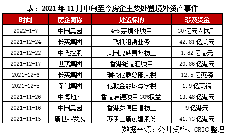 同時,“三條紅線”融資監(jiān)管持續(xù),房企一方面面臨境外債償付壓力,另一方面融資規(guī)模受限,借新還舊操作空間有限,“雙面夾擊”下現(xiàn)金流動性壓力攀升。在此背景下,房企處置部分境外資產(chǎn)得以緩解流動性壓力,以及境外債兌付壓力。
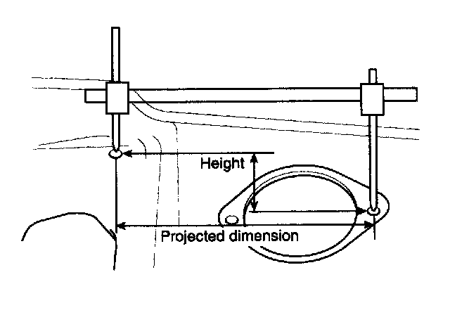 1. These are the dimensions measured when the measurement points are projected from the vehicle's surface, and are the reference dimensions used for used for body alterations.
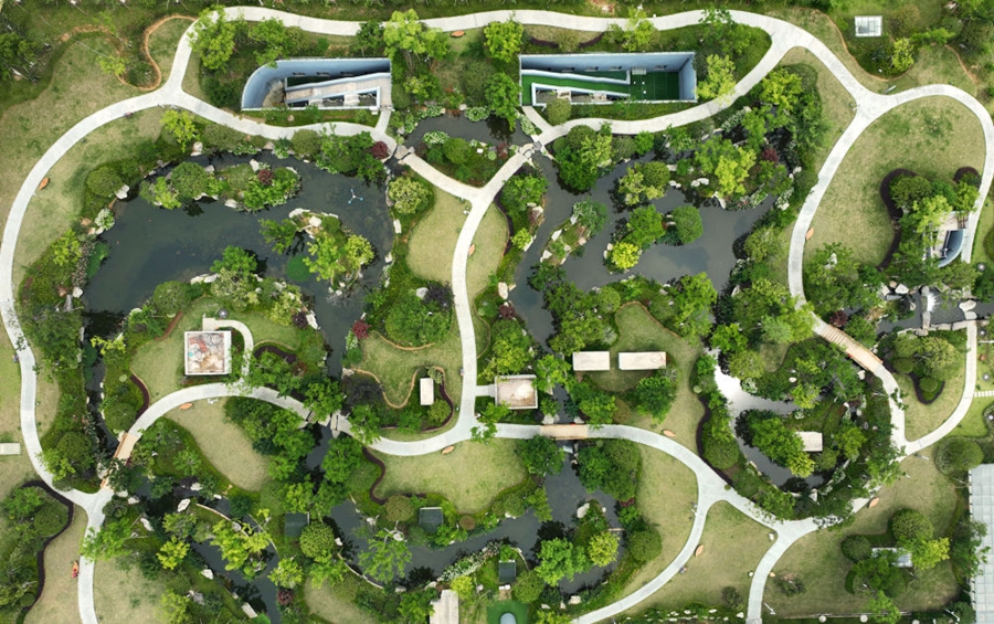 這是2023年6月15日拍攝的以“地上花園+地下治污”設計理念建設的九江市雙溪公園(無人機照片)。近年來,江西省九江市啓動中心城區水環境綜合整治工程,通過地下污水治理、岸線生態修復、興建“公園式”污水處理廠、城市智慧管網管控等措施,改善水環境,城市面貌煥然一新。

> **EXERCISE**
Please restate the lines above exactly, starting at the first line of the data and stopping at the line containing "1. These are", which is included. Omit pictures.

> **WORKED SOLUTION**
 同時,“三條紅線”融資監(jiān)管持續(xù),房企一方面面臨境外債償付壓力,另一方面融資規(guī)模受限,借新還舊操作空間有限,“雙面夾擊”下現(xiàn)金流動性壓力攀升。在此背景下,房企處置部分境外資產(chǎn)得以緩解流動性壓力,以及境外債兌付壓力。
 1. These are the dimensions measured when the measurement points are projected from the vehicle's surface, and are the reference dimensions used for used for body alterations.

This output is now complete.